MercadoLibre, Inc. (literally "free market" in Spanish, and known as Mercado Livre in Portuguese) is an Argentine company headquartered in Montevideo, Uruguay, incorporated in the United States that operates online marketplaces dedicated to e-commerce and online auctions, including mercadolibre.com. As of 2016, Mercado Libre had 174.2 million users in Latin America, making it the region's most popular e-commerce site by number of visitors. The company has operations in Argentina, Bolivia, Brazil, Chile, Colombia, Costa Rica, Dominican Republic, Mexico, Ecuador, Guatemala, Honduras, Peru, Panama, Uruguay, and Venezuela.

History 
Mercado Libre was founded in 1999 in Argentina. Founder and CEO Marcos Galperin established the company while attending Stanford University. He acquired funding from John Muse, co-founder of HM Capital Partners. Mercado Libre received additional funding from JPMorgan Partners, Flatiron Partners, Goldman Sachs, GE Capital, and Banco Santander Central Hispano. In 1999, Mercado Libre was chosen as an Endeavor company.

In September 2001, eBay purchased a 19.5% stake in the company. eBay sold its stake in Mercado Libre in 2016, but the companies continue to collaborate to expand eBay sellers into Latin America. eBay opened its first branded store on the Mercado Libre marketplace from Chile in March 2017.

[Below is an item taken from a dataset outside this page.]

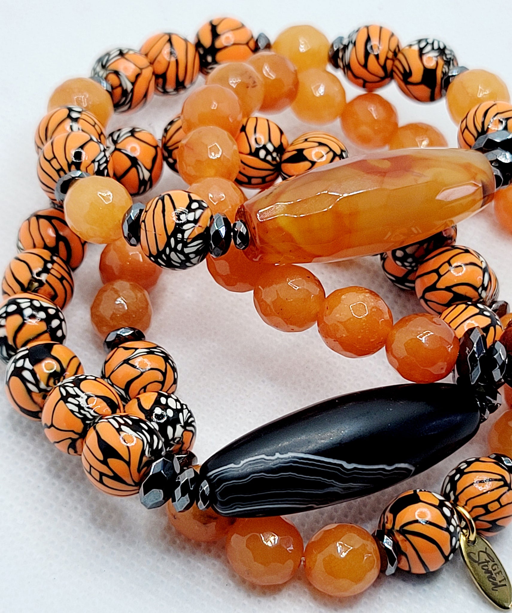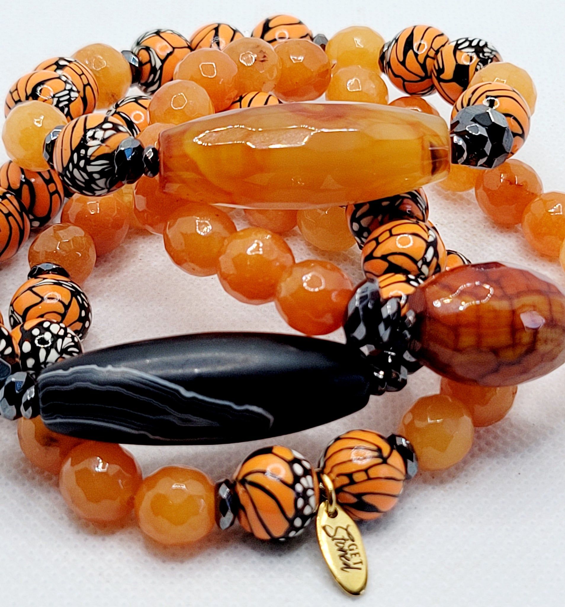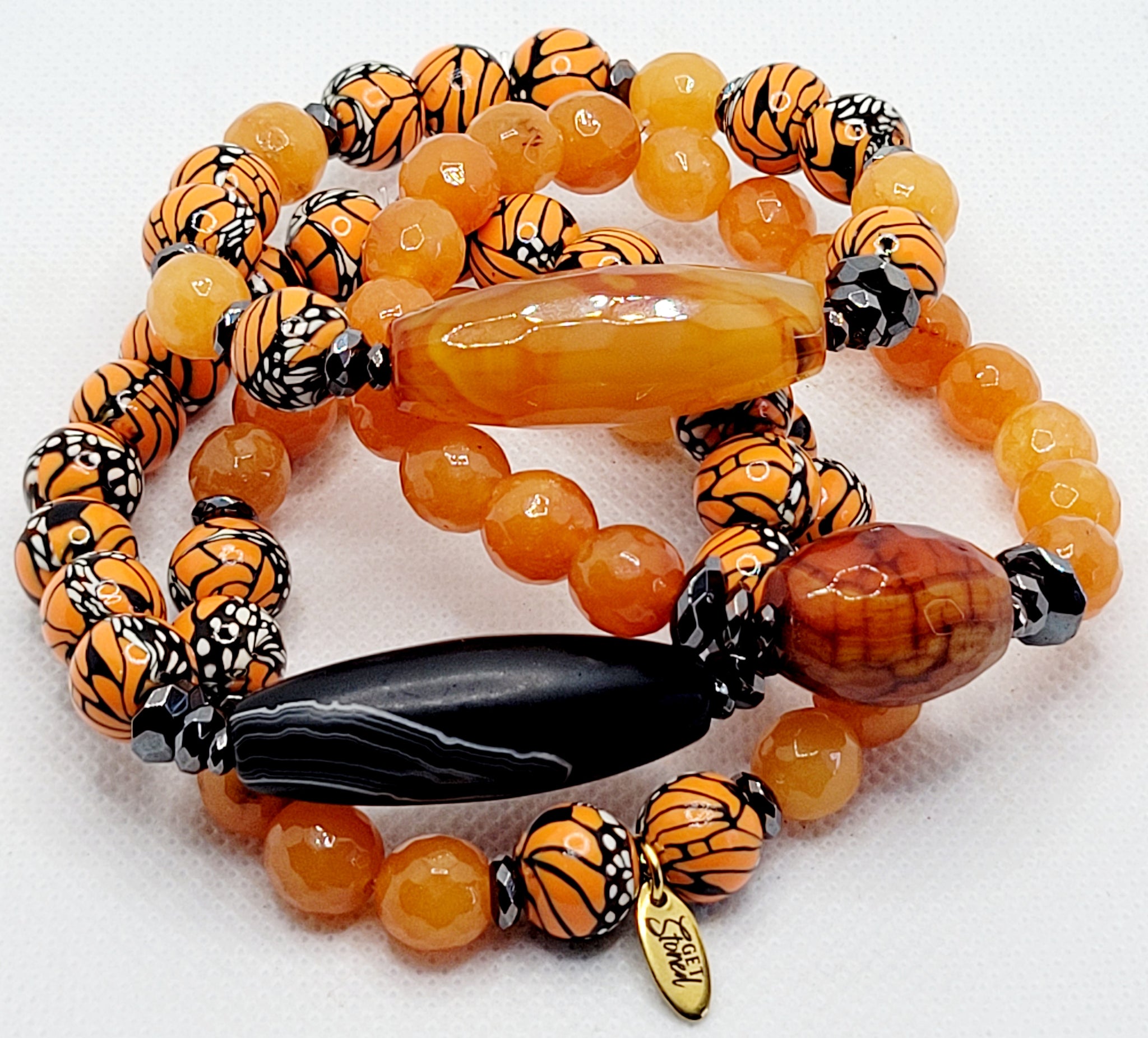This One Of A Kind 10mm Stack Of 4 Is Made With Agates And Handmade Clay Beads. There Is No Denying That This Stack Is Beautiful And Unique.

The following month, Mercado Libre acquired iBazar Como, the Brazilian subsidiary of eBay's earlier acquisition, iBazar S.A. In 2006, MercadoLibre.com launched new operations in Costa Rica, Panama, and Dominican Republic.

In August 2007, Mercado Libre became the first Latin American technology company to be listed on the NASDAQ, under the ticker MELI. Mercado Libre acquired competitor DeRemate's operations in August 2008. Mercado Libre also acquired Classified Media Group (CMG) in 2008. CMG established the Latin American e-commerce portals tucarro.com and tuinmueble.com.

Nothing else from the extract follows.